When we interviewed technology entrepreneurs prior to designing our new Master of Entrepreneurship (MsE) program, we found that most of them had started working on their ventures without enrolling in courses or pursuing business degrees, and they learned by doing. While they eventually learned by trial and error, many false starts and redirections could have been avoided with more complete instruction and mentoring.
The curriculum they needed did not exist, the comprehensive skill set they required was not available in college classrooms. That is why the MsE program is necessary. By understanding the principles underlying venture start-ups many errors can be avoided, shortening the “school of hard knocks” into an accelerated track to an entrepreneurial life.
Universities are in the business of translating art into science, of taking things that one might learn by lengthy trial and error and creating the theoretical underpinnings that help students understand not just what to do but why things work that way. Students who understand the fundamental principles underlying technology translation will be prepared not just for their first launch, but for a future rich with new ventures.
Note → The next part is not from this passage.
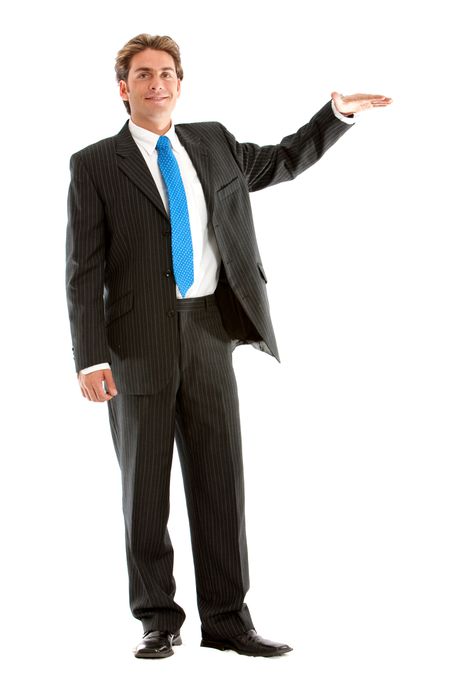 Business man with hand on something imaginary - isolated over a white background

As one entrepreneur told us, the difference at Michigan is the faculty. Great faculty and great students together are stronger than either in isolation.
Those that say “this can’t be taught” are really saying “this hasn’t been taught.” The University of Michigan’s MsE program changes that by offering students a world-class education in technology entrepreneurship.
As an MsE student, you will find yourself part of a cohesive cohort of like-minded students, and you will make friends for life. In your dynamic, highly energetic team you will share successes, frustrations, and progress. It is common to hear venture capitalists say, “If I had to choose between a great idea and a good team, or a great team with a good idea, I’ll take the great team.” They know that a great team will learn and adapt, and eventually pivot to a great idea.
At the University of Michigan you will learn not just the hard skills of technology and management, but the softer skills of teamwork and collaboration. Your training and experience, skills and friendships, and confidence from your intellectual and practical accomplishments will pay dividends for a lifetime.
Students will leave the MsE program with a robust, hands-on start-up experience informed by the universal principles of technology development.